Perspectives On Animal Research
Volume 1, Supplement
An Evaluation of Ten Randomly-Chosen Animal Models
of Human Disease
Large Granular Lymphocytic Leukemia (Rats)
Description of the Model:
The large granular lymphocyte (LGL) is important to the natural killer and antibody-dependent cellular cytotoxicity activity of the human immune system. Proliferations of LGL in people have heterogeneous presentations, and there are several neoplastic disorders that appear to be related. This has resulted in a confusing nomenclature in the literature, in which classifications often differ markedly. Loughran and Starkebaum summarized:
In 1977, McKenna et al. described a distinct clinicopathologic entity consisting of chronic neutropenia associated with increased numbers of circulating LGL. Since then additional cases of this syndrome have been described under a variety of names ... This confusing terminology arose in part because of the difficulty in determining whether this is a reactive or a neoplastic disorder. Two lines of evidence, however, indicated that most, if not all, of these patients have a neoplastic disorder ... Because of the neoplastic nature of the disorder, combined with the finding of infiltration of spleen, bone marrow, and liver by abnormai lymphocytes, we have proposed the term 'LGL leukemia.'(1)
They explained:
Initially, the term T-gamma lymphoproliferative disorder was used ... (but) occasional T-gamma lymphoproliferative disorders are reported that do not involve LGL ... Finally, the term 'T-cell CLL' is too broadly encompassing, since it includes malignancies arising from other T-cell populations...(1)
In 1970, Moloney et al. first noted spontaneous leukemias in older Fischer rats. They observed:
Leukemias of this cell type do not occur in man. On morphological and histochemical grounds, the cell cannot be classified as granulocytic, lymphocytic, or monocytic. However, the leukemic cells do have some characteristics of reticulum cells.(2)

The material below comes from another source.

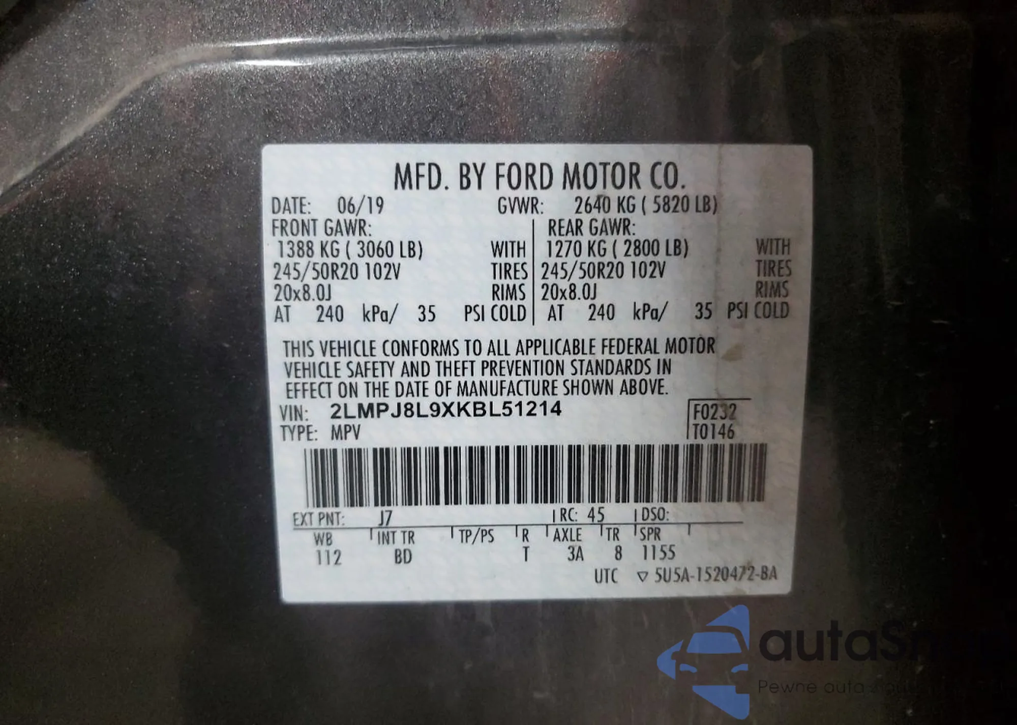 Автомобиль Lincoln Nautilus 2019 (VIN 2LMPJ8L9XKBL51214) имеет документы, препятствующие регистрации. Могут возникнуть сложности при экспорте и регистрации. Обратитесь к экспертам AutaSnap для поиска альтернатив.
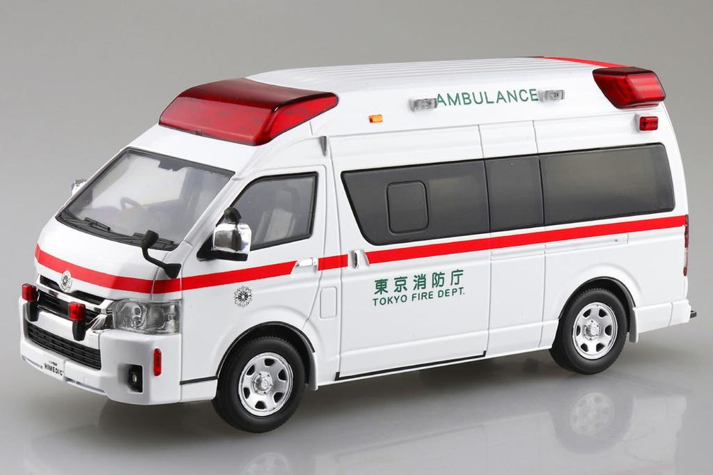 AOSHIMA Масштаб 1/32 Rakupla Сборная модель-защелка № 02-HM Toyota Himedic Скорая помощь, Цветная пластиковая модель

Subsequent investigations indicated that there were similarities between these rat leukemias and human LGL leukemia.(3) Stromberg concluded:
Besides serving as a model for T-cell leukemias, LGL leukemia should provide investigators with abundant cells for the studies of certain aspects of LGL and NK-cell function. In addition, it is an excellent, reproducible model of tumor-induced autoimmunity. The ease of handling, high frequency of successful transplantation, and short latency period mark it as a convenient system for use.(3)
Criterion I: Concordance between the Animal Model and the Human Disease
Clinical Presentation:
Stromberg et al. published a series of three papers in 1983 that evaluated LGL leukemia in F344 rats morphologically, hematologically, and biochemically.(4-6) They found that this condition was a heterogeneous disorder with a wide range of clinical presentations. Among the salient features, they found splenic origin, liver involvement, and anemia, which was often Coombs-positive and was often associated with erythrophagocytosis.(4,5)
In 1985, Reynolds reviewed LGL leukemia in people and in animals.(7) He noted many similarities, including natural killer and antibody-dependent cellular cytotoxicity of tumor cells, probable splenic origin, liver involvement, and anemia. However, unlike the rat model, erythrophagocytosis was rare in human patients and it did not appear to contribute significantly to the anemia.(7) Furthermore, "Coombs' tests for the detection of autoantibodies to red cells have generally proven negative"(7) in people, but it is often positive in the rats.(5) Although the cause of the anemia is unclear in both human and rat LGL leukemia, it appears to be different.
Another difference between these diseases is the presence of skin lesions in human LGL leukemia, which are not found in the rat condition.(7) Perhaps most significantly, the course of the leukemia differs markedly between humans and rats.(7) In rats, it is an acute disease that has a rapidly progressive, fatal course. In contrast, people with LGL leukemia have a chronic disease so indolent that Loughran and Starkebaum wrote, "...the question remains whether the disease is truly malignant. In most patients, the disease appears to progress slowly if at all, and they generally do not require therapy."(1) Thus, despite some similarities between human and rat LGL function and LGL leukemia, there appears to be a fundamental difference in the clinical presentation of the disease.
Pathogenesis:
Little is known about the process of malignant transformation of LGL cells in rats or in people. Differences in clinical presentation, particularly in natural history, suggest different disease processes. However, this is not conclusive.
Criterion II: Citations
We located 41 articles from the Science Citation Index, 1983-1988, which cited at least one of the five reports describing this animal model.(2,4-6,8) (See Appendix A.) Of these, five were studies that included human patients or human tissue.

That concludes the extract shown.